DATA SUPPLIED below:

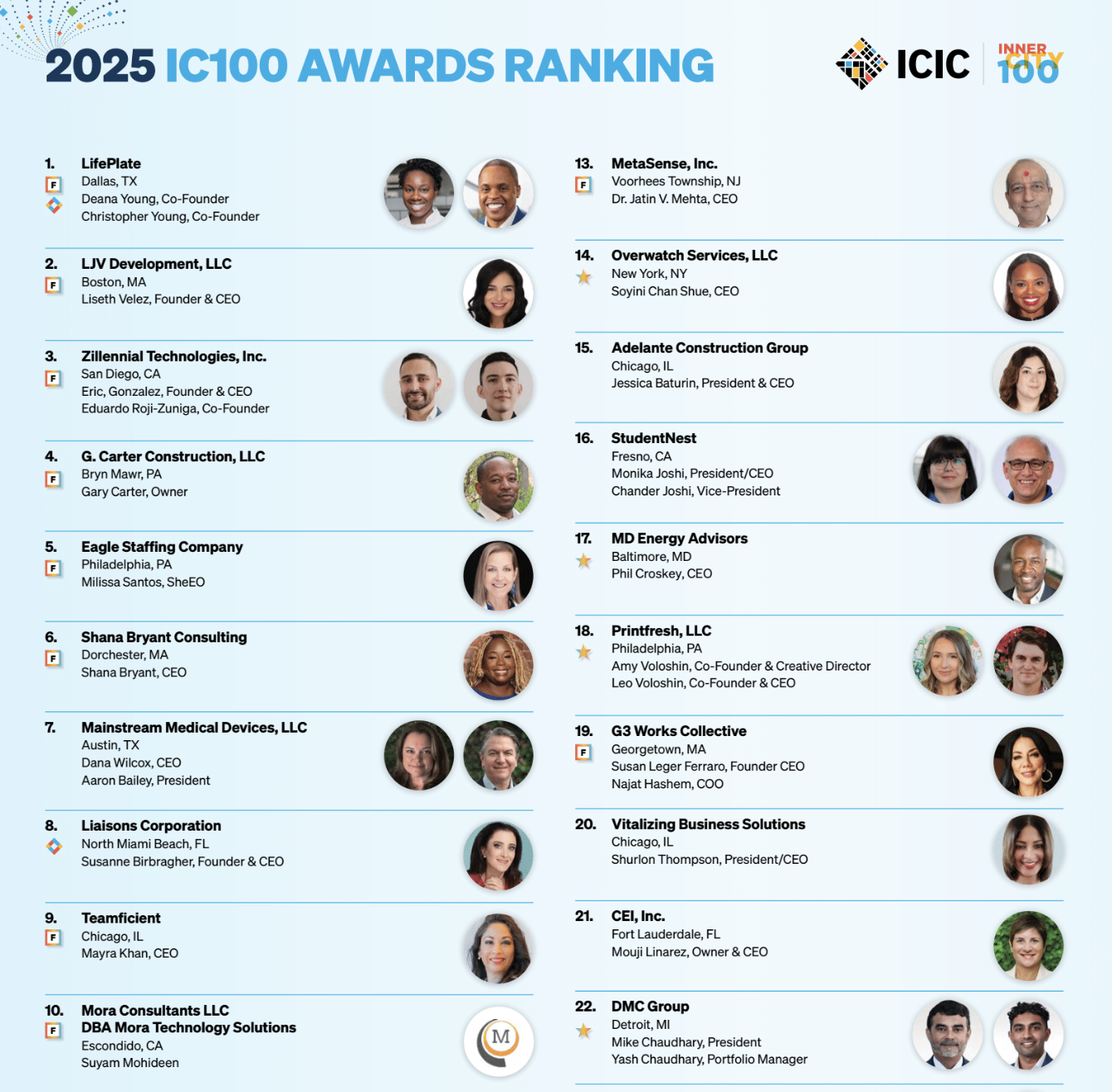 Every year, the Initiative for a Competitive Inner City (ICIC) identifies, ranks, and spotlights 100 of the fastest-growing businesses in under-resourced communities across the nation. These companies are experiencing rapid growth and are making a meaningful impact in their communities.
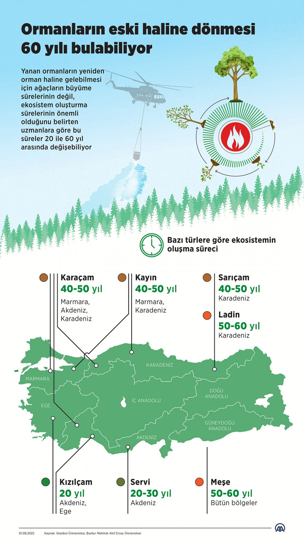 Ağaçların yeniden ekosistem oluşturma sürelerinin, türlerine göre değişkenlik gösterdiğini belirten Kavgacı, "Sarıçam ve karaçam ağaçları 40-50, kızılçam 20'li yaşlarda orman kurar. Kayın 40-50'li yaşlarda, ladin 50-60 yaşlarda, servi 20-30'lu yaşlarda sağlıklı orman diyebileceğimiz yapıya kavuşabilirler. Meşelerin daha geç, 50-60 yılda bir orman ekosistemi oluşturduğunu söyleyebiliriz. Orman, kendi içinde bileşenlerinin olduğu, bunların karşılıklı etkileşim içinde olduğu bir ekosistemdir. Ağaçlandırmayla biz sadece orada dikim yapmış oluyoruz. Orada yeniden bir ekosistemin oluşması onlarca yıl alıyor. Bu rakamlar ekosistemin meydana gelme süresi. Yoksa ağaç dikimi yaptığınızda rahatlıkla 10-15 yıl sonra bir kapalılık oluşabilir." diye konuştu.
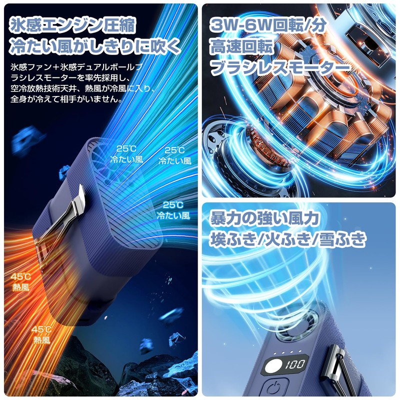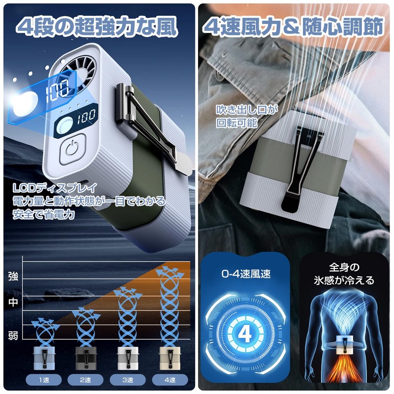 - (New Dimensional Cooldown) Equipped with the industry's first "Icy 8th Generation" fan and "Ice Double Ball Bearing and Brushless Motor". Reduce your body temperature by 25 degrees Celsius in just 1 second and chill your whole body like ice. 130° wide angle blower cools evenly from the waist to the head and leaves no sweat droplets
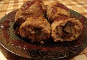 Зразы из говяжьего и свиного фарша с начинкой из жареных грибов с луком и вареными яйцами.
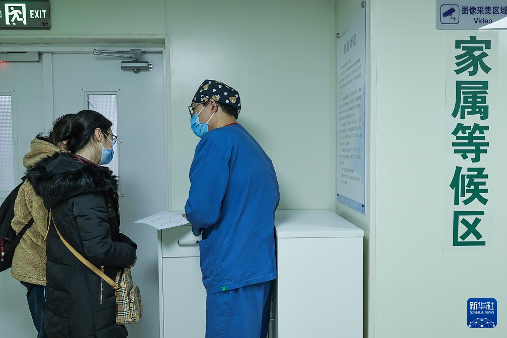 2月4日3时许,重症监护室的护士对家属进行入院宣教。
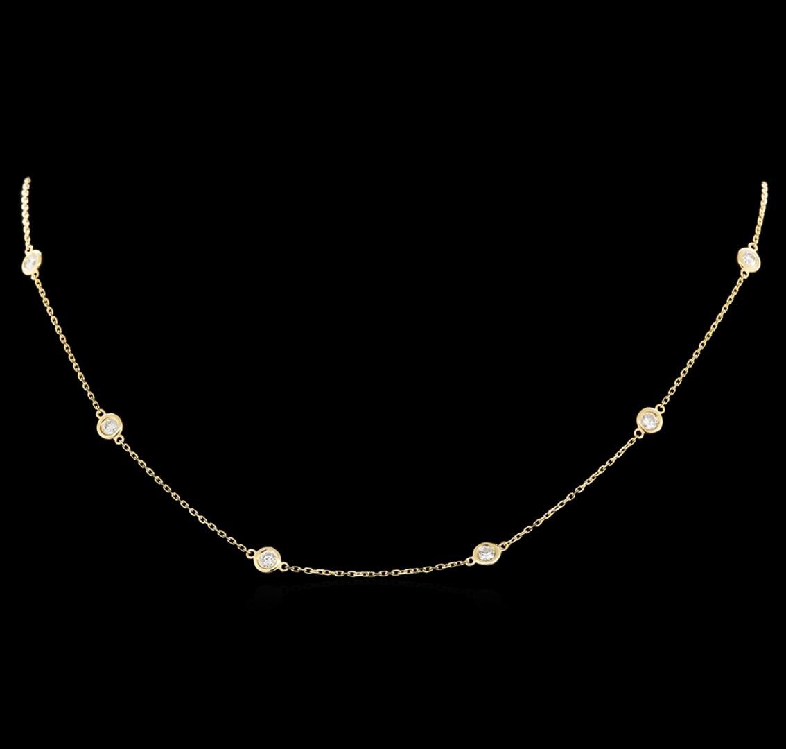 One electronically tested 14KT yellow gold ladies cast diamond necklace with a lobster claw clasp with a bright polish finish. Measurements: 18" in length Identified with markings of "K14". Condition is new. Containing: Ten bezel set round brilliant cut diamonds, measuring 3.00 - 3.00 x 1.80mm (depth est.) approximate total weight of 10 Stones = 0.99ct. Clarity: SI-1 to I-1. Color: K, Cut is Good. All diamonds are graded in the mounting, unless otherwise stated. Total Weight of Diamonds 0.99ct. Total Weight of Necklace 4.20 grams. GGL Appraised at $3,035.00.
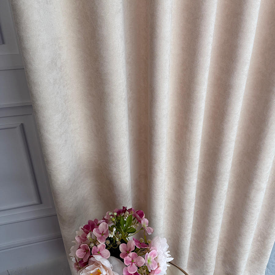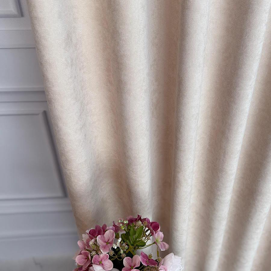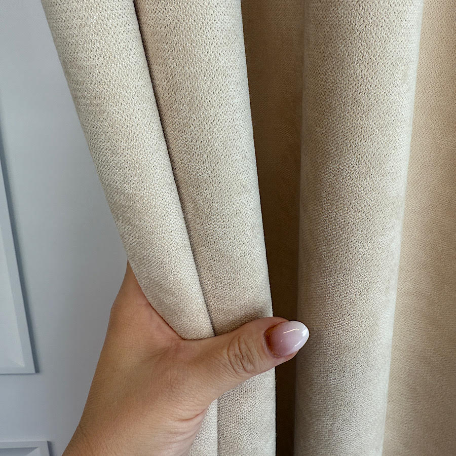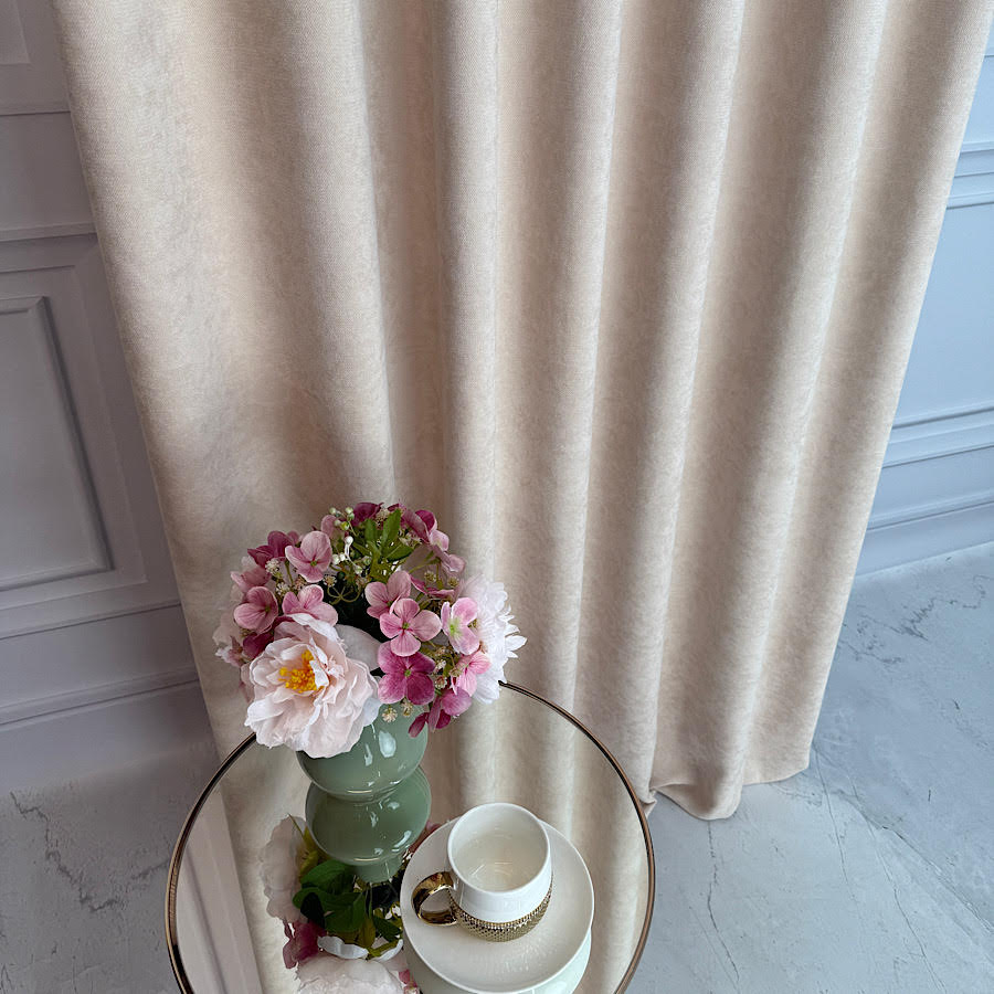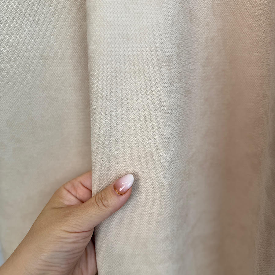• Szenilowa o aksamitnej strukturze – miękka faktura tkaniny sprawia, że materiał prezentuje się wyjątkowo elegancko, a zasłony pięknie się układają i delikatnie odbijają światło.
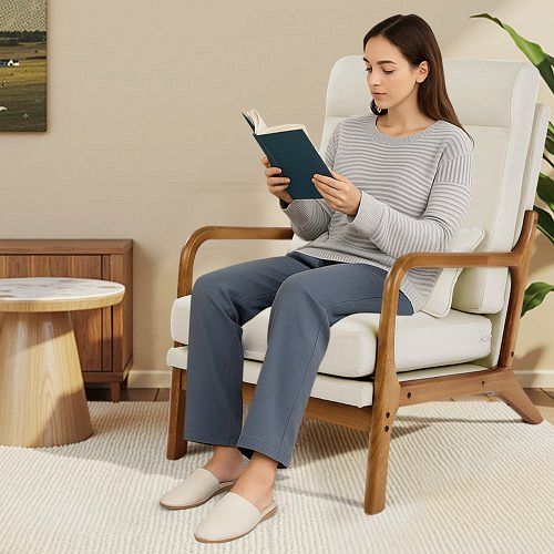 Ergonomisches Design: Dieser Holz-Akzentstuhl verfügt über einen 105°-Rückenwinkel, ein breiteres Kissen und eine höhere Rückenlehne und bietet so eine verbesserte Unterstützung für Rücken, Schultern und Nacken. Er hilft Ihrer Wirbelsäule, den Druck zu verteilen, sodass Sie sich entspannen und eine bequeme Sitzposition ohne Belastung bei längerem Gebrauch genießen können
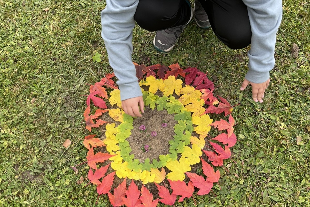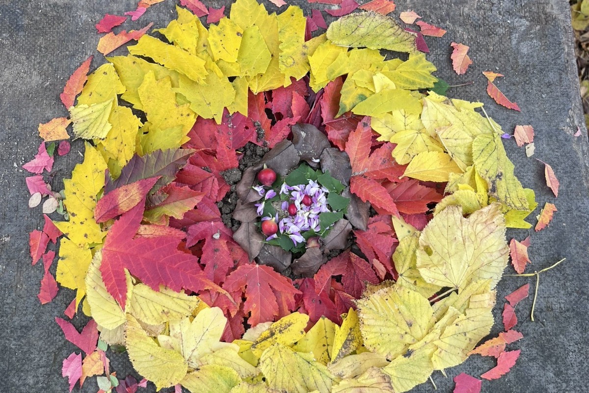 Anschließend durfte jedes Kind ein eigenes Mandala aus Naturmaterialien gestalten, das am Ende fotografisch festgehalten wurde. Die Kinder arbeiteten dabei sehr konzentriert und fast meditativ und waren anschließend sichtbar stolz auf ihre beeindruckenden Ergebnisse.
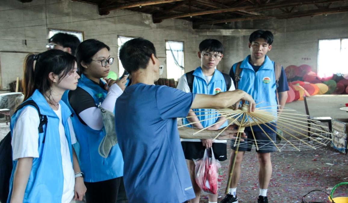 “油纸伞的每一根竹骨、每一层桐油,都蕴藏着千年的匠心。”在婺源县清华镇竹安堂伞厂,经管院“青禾筑梦”团队成员目睹非遗传承人胡师傅演示制伞工艺,感触颇深。队员们深刻认识到传统技艺在现代工业化浪潮中所面临的严峻挑战,并积极探寻其转型与突破的新路径。队员们提出,可以将油纸伞与影视剧、游戏、娃衣相结合,开发衍生产品,扩大油纸伞非遗文化的影响力。此外,他们还建议厂房与旅游团合作,开发体验馆进行展示,让年长的手艺人亲自讲解非遗文化。
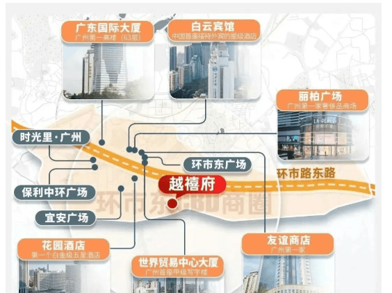 商业:自带1.4万㎡商业体,1公里内覆盖中华广场、东山口、时光里、广州友谊商店等高端商圈;

End of DATA SUPPLIED.

WHAT TO WORK ON: Would you please write out the entries in full, exactly as they read, but without pictures?

THE COMPLETED TASK:
 Every year, the Initiative for a Competitive Inner City (ICIC) identifies, ranks, and spotlights 100 of the fastest-growing businesses in under-resourced communities across the nation. These companies are experiencing rapid growth and are making a meaningful impact in their communities.
 Ağaçların yeniden ekosistem oluşturma sürelerinin, türlerine göre değişkenlik gösterdiğini belirten Kavgacı, "Sarıçam ve karaçam ağaçları 40-50, kızılçam 20'li yaşlarda orman kurar. Kayın 40-50'li yaşlarda, ladin 50-60 yaşlarda, servi 20-30'lu yaşlarda sağlıklı orman diyebileceğimiz yapıya kavuşabilirler. Meşelerin daha geç, 50-60 yılda bir orman ekosistemi oluşturduğunu söyleyebiliriz. Orman, kendi içinde bileşenlerinin olduğu, bunların karşılıklı etkileşim içinde olduğu bir ekosistemdir. Ağaçlandırmayla biz sadece orada dikim yapmış oluyoruz. Orada yeniden bir ekosistemin oluşması onlarca yıl alıyor. Bu rakamlar ekosistemin meydana gelme süresi. Yoksa ağaç dikimi yaptığınızda rahatlıkla 10-15 yıl sonra bir kapalılık oluşabilir." diye konuştu.
 - (New Dimensional Cooldown) Equipped with the industry's first "Icy 8th Generation" fan and "Ice Double Ball Bearing and Brushless Motor". Reduce your body temperature by 25 degrees Celsius in just 1 second and chill your whole body like ice. 130° wide angle blower cools evenly from the waist to the head and leaves no sweat droplets
 Зразы из говяжьего и свиного фарша с начинкой из жареных грибов с луком и вареными яйцами.
 2月4日3时许,重症监护室的护士对家属进行入院宣教。
 One electronically tested 14KT yellow gold ladies cast diamond necklace with a lobster claw clasp with a bright polish finish. Measurements: 18" in length Identified with markings of "K14". Condition is new. Containing: Ten bezel set round brilliant cut diamonds, measuring 3.00 - 3.00 x 1.80mm (depth est.) approximate total weight of 10 Stones = 0.99ct. Clarity: SI-1 to I-1. Color: K, Cut is Good. All diamonds are graded in the mounting, unless otherwise stated. Total Weight of Diamonds 0.99ct. Total Weight of Necklace 4.20 grams. GGL Appraised at $3,035.00.
• Szenilowa o aksamitnej strukturze – miękka faktura tkaniny sprawia, że materiał prezentuje się wyjątkowo elegancko, a zasłony pięknie się układają i delikatnie odbijają światło.
 Ergonomisches Design: Dieser Holz-Akzentstuhl verfügt über einen 105°-Rückenwinkel, ein breiteres Kissen und eine höhere Rückenlehne und bietet so eine verbesserte Unterstützung für Rücken, Schultern und Nacken. Er hilft Ihrer Wirbelsäule, den Druck zu verteilen, sodass Sie sich entspannen und eine bequeme Sitzposition ohne Belastung bei längerem Gebrauch genießen können
 Anschließend durfte jedes Kind ein eigenes Mandala aus Naturmaterialien gestalten, das am Ende fotografisch festgehalten wurde. Die Kinder arbeiteten dabei sehr konzentriert und fast meditativ und waren anschließend sichtbar stolz auf ihre beeindruckenden Ergebnisse.
 “油纸伞的每一根竹骨、每一层桐油,都蕴藏着千年的匠心。”在婺源县清华镇竹安堂伞厂,经管院“青禾筑梦”团队成员目睹非遗传承人胡师傅演示制伞工艺,感触颇深。队员们深刻认识到传统技艺在现代工业化浪潮中所面临的严峻挑战,并积极探寻其转型与突破的新路径。队员们提出,可以将油纸伞与影视剧、游戏、娃衣相结合,开发衍生产品,扩大油纸伞非遗文化的影响力。此外,他们还建议厂房与旅游团合作,开发体验馆进行展示,让年长的手艺人亲自讲解非遗文化。
 商业:自带1.4万㎡商业体,1公里内覆盖中华广场、东山口、时光里、广州友谊商店等高端商圈;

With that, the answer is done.